[[ Data block, beginning ]]

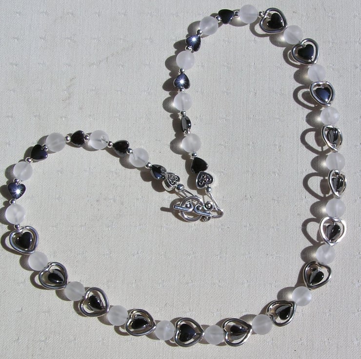 The Central swathe of this Stunning Necklace is made from alternating Frosted Clear Quartz round beads and Black Hematite Heart shaped beads… which are floating/suspended inside Tibetan Silver Heart Frames – this then flows more alternating Quartz and Hematite Heart beads this time alternated with a tiny silver spacer bead with a Tibetan Silver Celtic Heart at each end… A Striking cool combination that will look stunning for either the casual look or wear it with something more Elegant for a Special Evening out
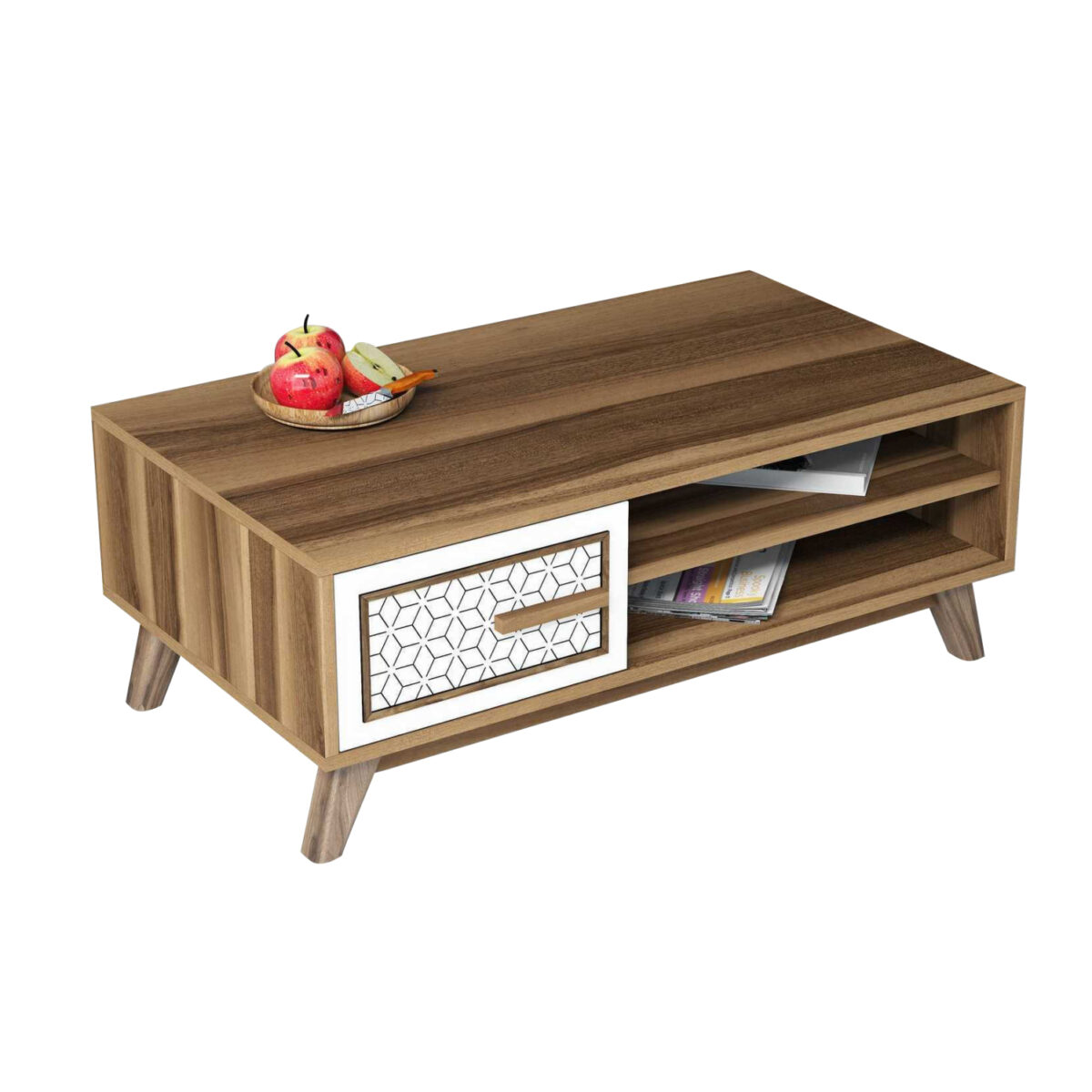 Τραπέζι σαλονιού Barton επιφάνεια σε φυσική απόχρωση με καρυδί πόδι 90x45x40εκ
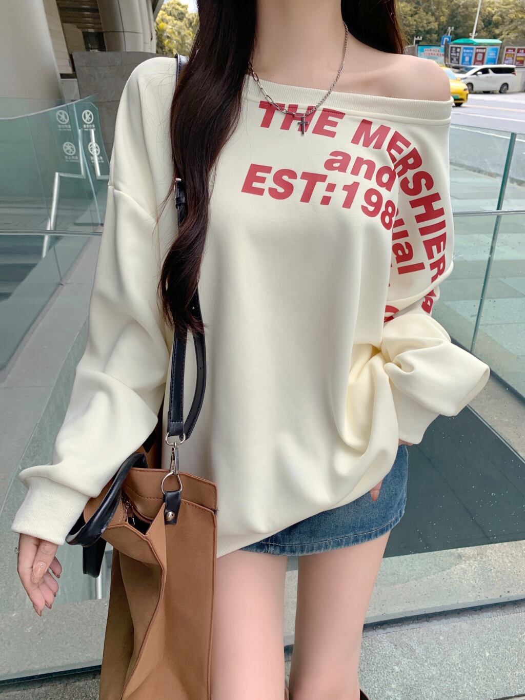 トップス トレーナー 長袖 ワンショルダー プルオーバー ミディアム丈 かわいい 大人可愛い きれいめ シンプル 上品 おしゃれ かっこいい カジュアル こなれ感 個性的 主役級 存在感 抜け感 秋 冬 ベーシック ナチュラル キュート クール メンズライク 無地 英文字 女性用 レディース ママ OL 通勤 オフィス 学生 通学 デート お出かけ お泊まり 女子会 旅行 休日 アウトドア カフェ ショッピング コンパ レストラン イベント 普段使い デイリー 着回し S M L XL トレンド モテ
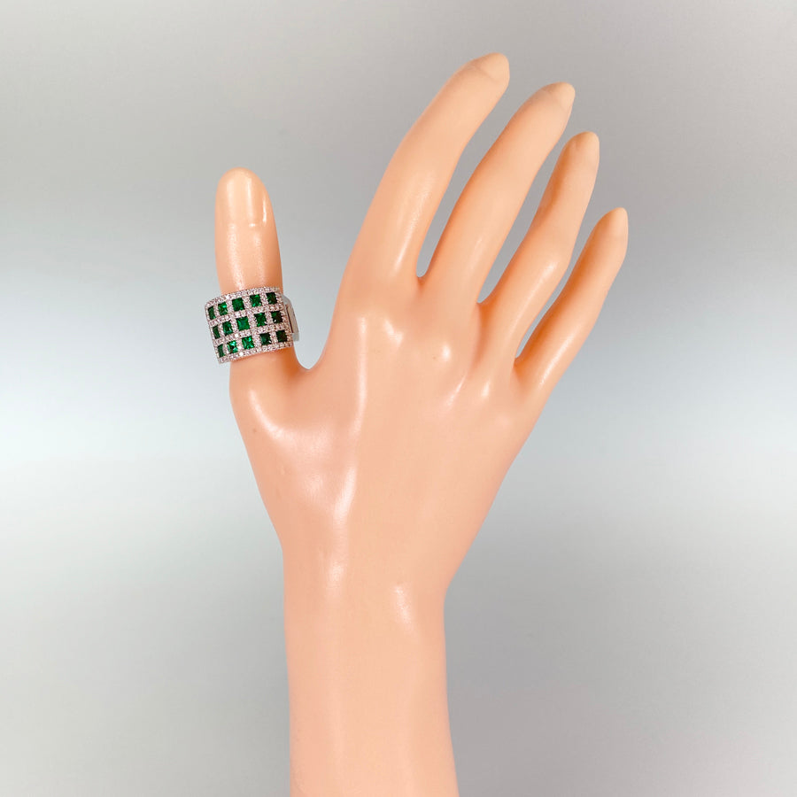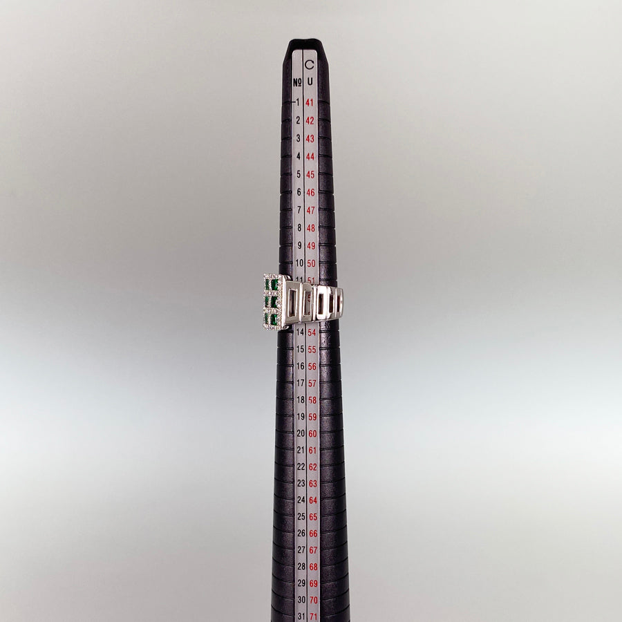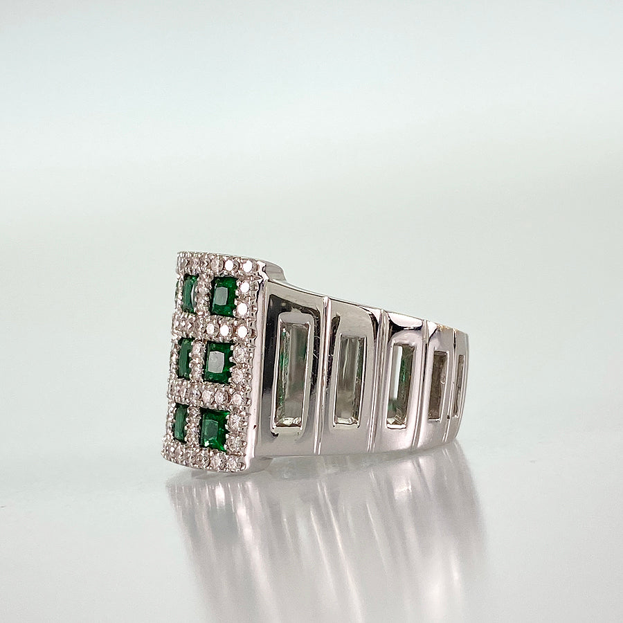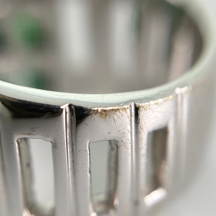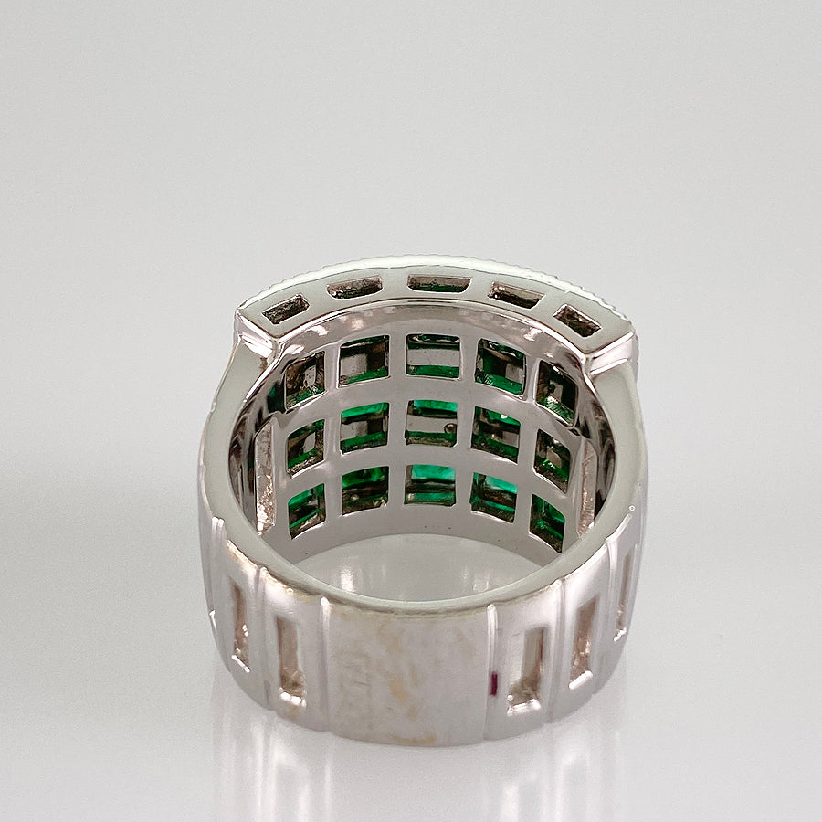 Emerald/Diamond: The emerald contains scratches and inclusions on its surface.

[[ Data block, end ]]

◆ Brief: I'd like the data above duplicated exactly, with no pictures included.

◆ Written answer:
 The Central swathe of this Stunning Necklace is made from alternating Frosted Clear Quartz round beads and Black Hematite Heart shaped beads… which are floating/suspended inside Tibetan Silver Heart Frames – this then flows more alternating Quartz and Hematite Heart beads this time alternated with a tiny silver spacer bead with a Tibetan Silver Celtic Heart at each end… A Striking cool combination that will look stunning for either the casual look or wear it with something more Elegant for a Special Evening out
 Τραπέζι σαλονιού Barton επιφάνεια σε φυσική απόχρωση με καρυδί πόδι 90x45x40εκ
 トップス トレーナー 長袖 ワンショルダー プルオーバー ミディアム丈 かわいい 大人可愛い きれいめ シンプル 上品 おしゃれ かっこいい カジュアル こなれ感 個性的 主役級 存在感 抜け感 秋 冬 ベーシック ナチュラル キュート クール メンズライク 無地 英文字 女性用 レディース ママ OL 通勤 オフィス 学生 通学 デート お出かけ お泊まり 女子会 旅行 休日 アウトドア カフェ ショッピング コンパ レストラン イベント 普段使い デイリー 着回し S M L XL トレンド モテ
 Emerald/Diamond: The emerald contains scratches and inclusions on its surface.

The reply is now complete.